# TASK GOAL:
Each line of the data is to be output verbatim, with the images removed.

# WORKING DATA:
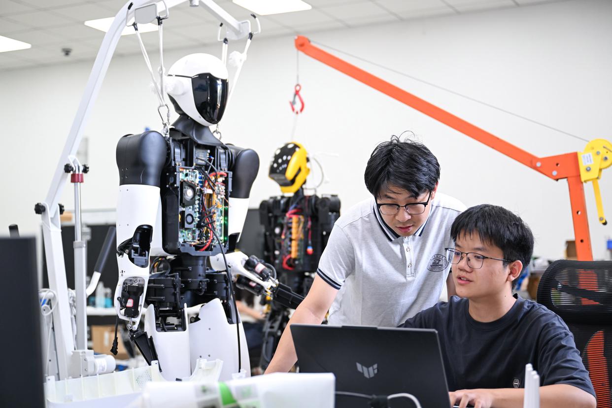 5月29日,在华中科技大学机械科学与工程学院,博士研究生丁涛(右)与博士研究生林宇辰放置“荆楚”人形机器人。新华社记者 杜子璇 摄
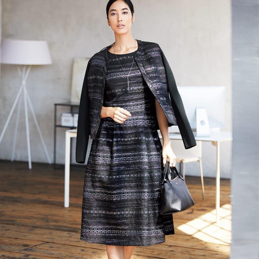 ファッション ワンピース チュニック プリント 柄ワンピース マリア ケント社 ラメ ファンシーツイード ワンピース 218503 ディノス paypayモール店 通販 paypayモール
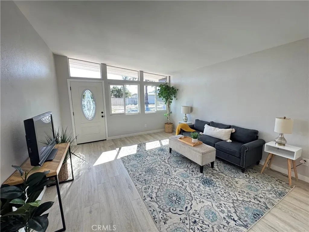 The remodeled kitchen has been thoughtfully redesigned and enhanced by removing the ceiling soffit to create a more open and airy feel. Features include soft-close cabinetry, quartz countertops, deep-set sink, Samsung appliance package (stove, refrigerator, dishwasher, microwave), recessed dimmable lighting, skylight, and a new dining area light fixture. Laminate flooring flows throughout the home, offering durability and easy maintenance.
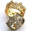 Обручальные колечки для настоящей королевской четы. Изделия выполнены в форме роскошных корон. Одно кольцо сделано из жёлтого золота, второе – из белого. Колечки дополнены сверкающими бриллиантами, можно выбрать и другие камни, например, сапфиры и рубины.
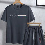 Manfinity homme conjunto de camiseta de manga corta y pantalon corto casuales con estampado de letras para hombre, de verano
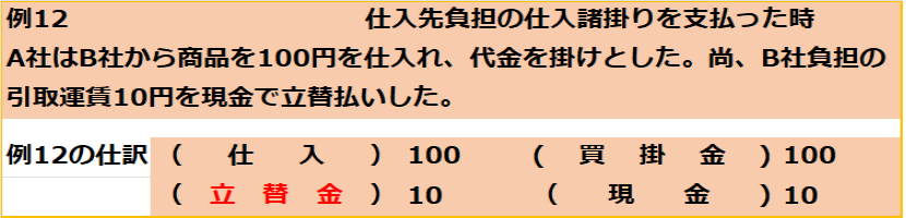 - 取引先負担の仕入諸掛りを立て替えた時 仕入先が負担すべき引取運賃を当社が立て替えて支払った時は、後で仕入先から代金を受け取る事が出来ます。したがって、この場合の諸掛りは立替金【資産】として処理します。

# FINISHED EXERCISE:
 5月29日,在华中科技大学机械科学与工程学院,博士研究生丁涛(右)与博士研究生林宇辰放置“荆楚”人形机器人。新华社记者 杜子璇 摄
 ファッション ワンピース チュニック プリント 柄ワンピース マリア ケント社 ラメ ファンシーツイード ワンピース 218503 ディノス paypayモール店 通販 paypayモール
 The remodeled kitchen has been thoughtfully redesigned and enhanced by removing the ceiling soffit to create a more open and airy feel. Features include soft-close cabinetry, quartz countertops, deep-set sink, Samsung appliance package (stove, refrigerator, dishwasher, microwave), recessed dimmable lighting, skylight, and a new dining area light fixture. Laminate flooring flows throughout the home, offering durability and easy maintenance.
 Обручальные колечки для настоящей королевской четы. Изделия выполнены в форме роскошных корон. Одно кольцо сделано из жёлтого золота, второе – из белого. Колечки дополнены сверкающими бриллиантами, можно выбрать и другие камни, например, сапфиры и рубины.
 Manfinity homme conjunto de camiseta de manga corta y pantalon corto casuales con estampado de letras para hombre, de verano
 - 取引先負担の仕入諸掛りを立て替えた時 仕入先が負担すべき引取運賃を当社が立て替えて支払った時は、後で仕入先から代金を受け取る事が出来ます。したがって、この場合の諸掛りは立替金【資産】として処理します。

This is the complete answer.